“Remember, remember the fifth of November, the gunpowder treason and plot. I know of no reason why the Gunpowder treason should ever be forgot!”
You may have heard of the English nursery rhyme that starts with the classic line ‘Remember, remember the fifth of November.’ The dramatic story behind this rhyme continues to inspire British citizens to celebrate the 5th November, or Guy Fawkes Night, every year with fireworks and bonfires.
So who was Guy Fawkes and what is the real story behind Guy Fawkes Night?
Guy Fawkes, born in 1570 in York, England, converted to Catholicism at an early age and used his military career to spread Catholicism throughout Europe. By 1604, Fawkes had fought for Catholic Spain in the Eighty Years‘ War against Protestant Dutch reformers in the Low Countries and had unsuccessfully attempted to seek support for a Catholic rebellion in England. In 1604 Fawkes become involved in what became known as the Gunpowder Plot. Lead by a group of English Catholics, the Gunpowder Plot was a plan to blow up the House of Lords during the State Opening of Parliament on 5 November 1605, in an attempt to assassinate King James I, the Protestant King, and install his nine-year-old daughter, Elizabeth, as the Catholic head of state.
Luckily for the British government and monarchy, the plot was revealed to authorities in an anonymous letter only a week before the plot was set to take place. On the evening of 4 November 1605, a day before the plot was set to take place, Fawkes was discovered guarding 36 barrels of gunpowder, enough to completely destroy the House of Lords. Although Fawkes was merely a co-conspirator and not the leader of the plot, he has become the central figure used to commemorate the thwarted Gunpowder Plot.
For the past four centuries on Guy Fawkes Night, now known as Bonfire Night, British citizens have lit bonfires, let off fireworks and burned effigies of Guy Fawkes to celebrate the plot’s failure. Usually bonfire celebrations will include a ‘Guy,’ or a doll, which represents the traitor, Guy Fawkes, accompanied by sparklers and firework displays.

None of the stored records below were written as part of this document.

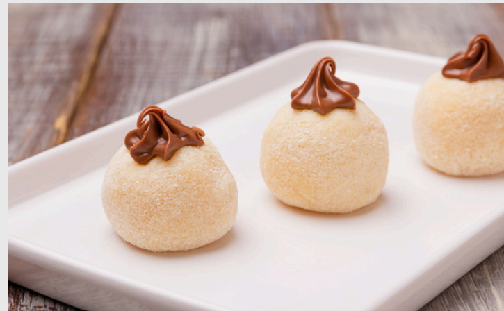
LEITE NINHO COM NUTELLA
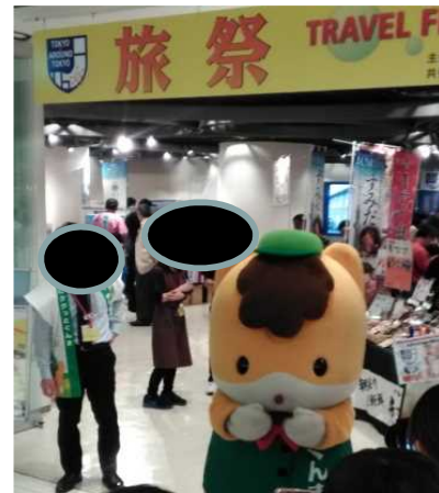
〔旅祭TRAVEL FESTIVAL2016 2016年11月@KITTE〕
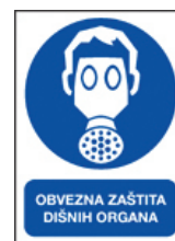
Slika 1 – Znak za obvezatnu upotrebu zaštite dišnih organa

Očekivano je da OZO upotrebljava uvijek jedan radnik, ali kada je OZO namijenjen za izvanredne ili povremene situacije, moguće je da ga upotrebljavaju različite osobe. U tim okolnostima treba se brinuti da takva uporaba kod korisnika ne uzrokuje zdravstvene ili higijenske teškoće. U procjeni rizika navodi se na kojim je poslovima potrebno upotrebljavati OZO, a radnici tijekom osposobljavanja za rad na siguran način savladavaju njegovu pravilnu upotrebu i svrhu. 3 Trajno postavljanje znaka obveze, podsjetnik je svima da se na tom mjestu rada prilikom određenih poslova upotrebljava OZO za zaštitu dišnih organa. Na slici 1 prikazan je znak obvezatne upotrebe. Prostoru u kojima postoji rizik od udisanja opasnih kemikalija mogu biti označeni znakovima opasnosti prikazanim na slici 2.
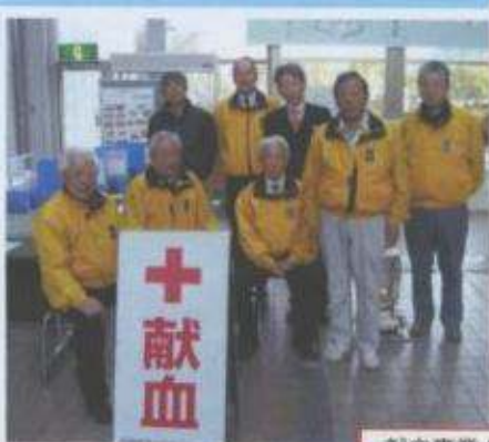
献血事業(加西市役所にて)
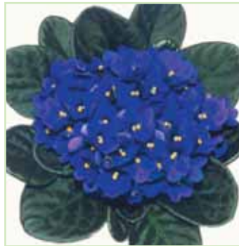
Ballet EL Paula
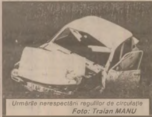
Urmările nerespectării regulilor de circulație

De precizat că, prin neplata taxelor legale către stat - Pompiliu Bota a cauzat un prejudiciu de 78.494.483 de lei.
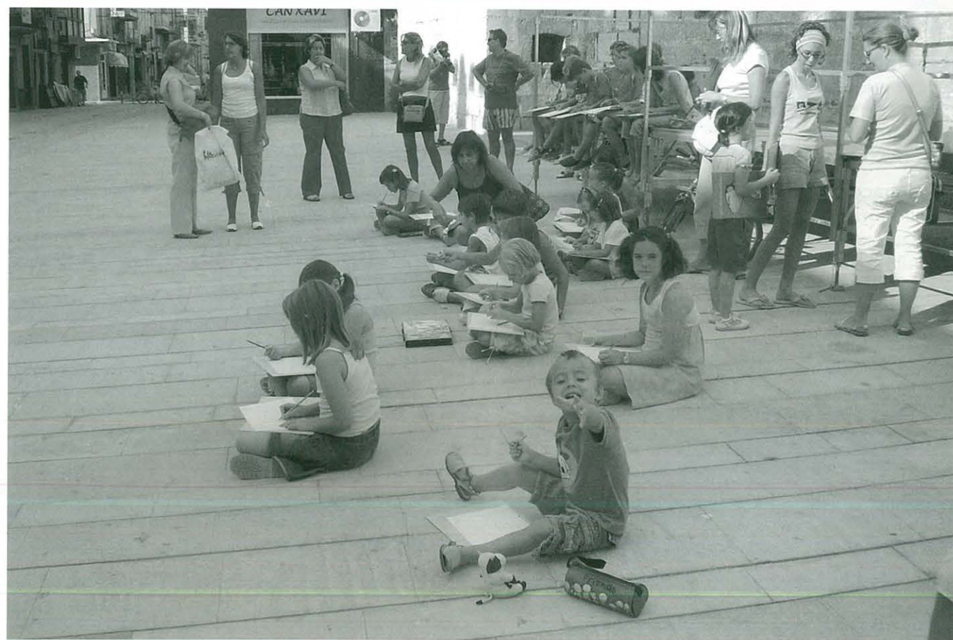
Participants al Concurs Literari Sant Jordi

Although it is usually illegal for Brits to set off fireworks between 11pm and 7am, on Bonfire Night the cutoff is 12 midnight!
Although the tradition of Bonfire Night is still going strong today, its popularity has waned throughout points in history, such as the first half of the 19th century in which historians observed ‘a lessening of Protestant religious zeal’ in part due to the expansion of Catholic civil rights in the United Kingdom. Gunpowder Treason Day, as it has become known in other countries, has been exported by settlers to other members of the Commonwealth of Nations such as Australia, New Zealand, Canada and various Caribbean nations.